### What you have to do
Only the lines in the entries below from the line with "James Faed Jr." to the line with "Po prvi put, protestna", both included, belong in the answer, transcribed exactly and without pictures.

### Provided records
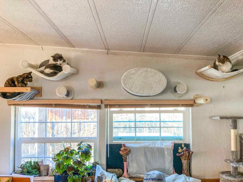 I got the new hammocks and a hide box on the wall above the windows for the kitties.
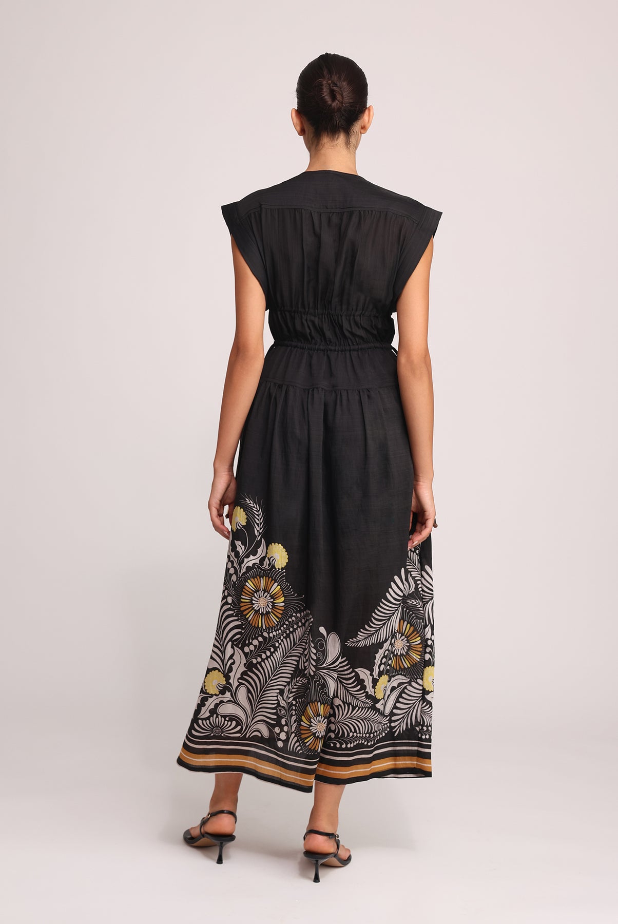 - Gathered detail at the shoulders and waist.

* * *

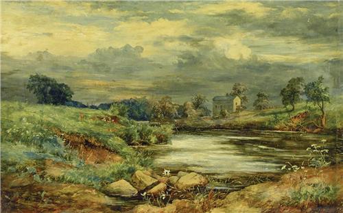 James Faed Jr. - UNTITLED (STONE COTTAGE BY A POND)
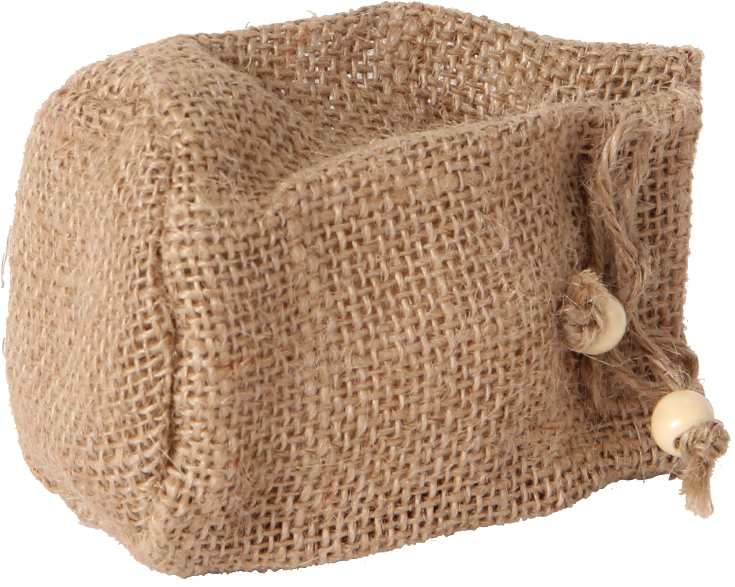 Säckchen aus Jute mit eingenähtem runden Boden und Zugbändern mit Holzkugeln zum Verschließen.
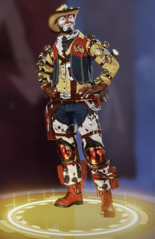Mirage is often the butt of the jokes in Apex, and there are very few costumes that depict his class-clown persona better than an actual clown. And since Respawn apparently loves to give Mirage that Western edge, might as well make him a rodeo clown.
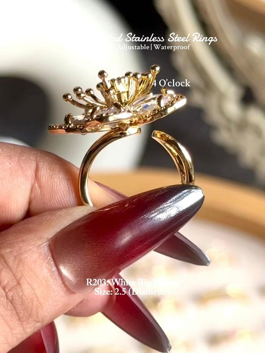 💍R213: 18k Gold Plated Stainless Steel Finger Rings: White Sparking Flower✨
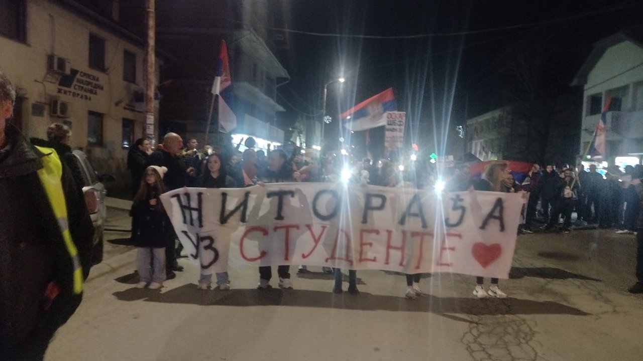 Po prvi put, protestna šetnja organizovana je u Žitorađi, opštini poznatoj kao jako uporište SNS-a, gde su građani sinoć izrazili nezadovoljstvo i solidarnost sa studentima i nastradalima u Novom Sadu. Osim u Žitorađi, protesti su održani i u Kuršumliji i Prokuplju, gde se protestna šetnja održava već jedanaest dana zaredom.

### Task output
 James Faed Jr. - UNTITLED (STONE COTTAGE BY A POND)
 Säckchen aus Jute mit eingenähtem runden Boden und Zugbändern mit Holzkugeln zum Verschließen.
Mirage is often the butt of the jokes in Apex, and there are very few costumes that depict his class-clown persona better than an actual clown. And since Respawn apparently loves to give Mirage that Western edge, might as well make him a rodeo clown.
 💍R213: 18k Gold Plated Stainless Steel Finger Rings: White Sparking Flower✨
 Po prvi put, protestna šetnja organizovana je u Žitorađi, opštini poznatoj kao jako uporište SNS-a, gde su građani sinoć izrazili nezadovoljstvo i solidarnost sa studentima i nastradalima u Novom Sadu. Osim u Žitorađi, protesti su održani i u Kuršumliji i Prokuplju, gde se protestna šetnja održava već jedanaest dana zaredom.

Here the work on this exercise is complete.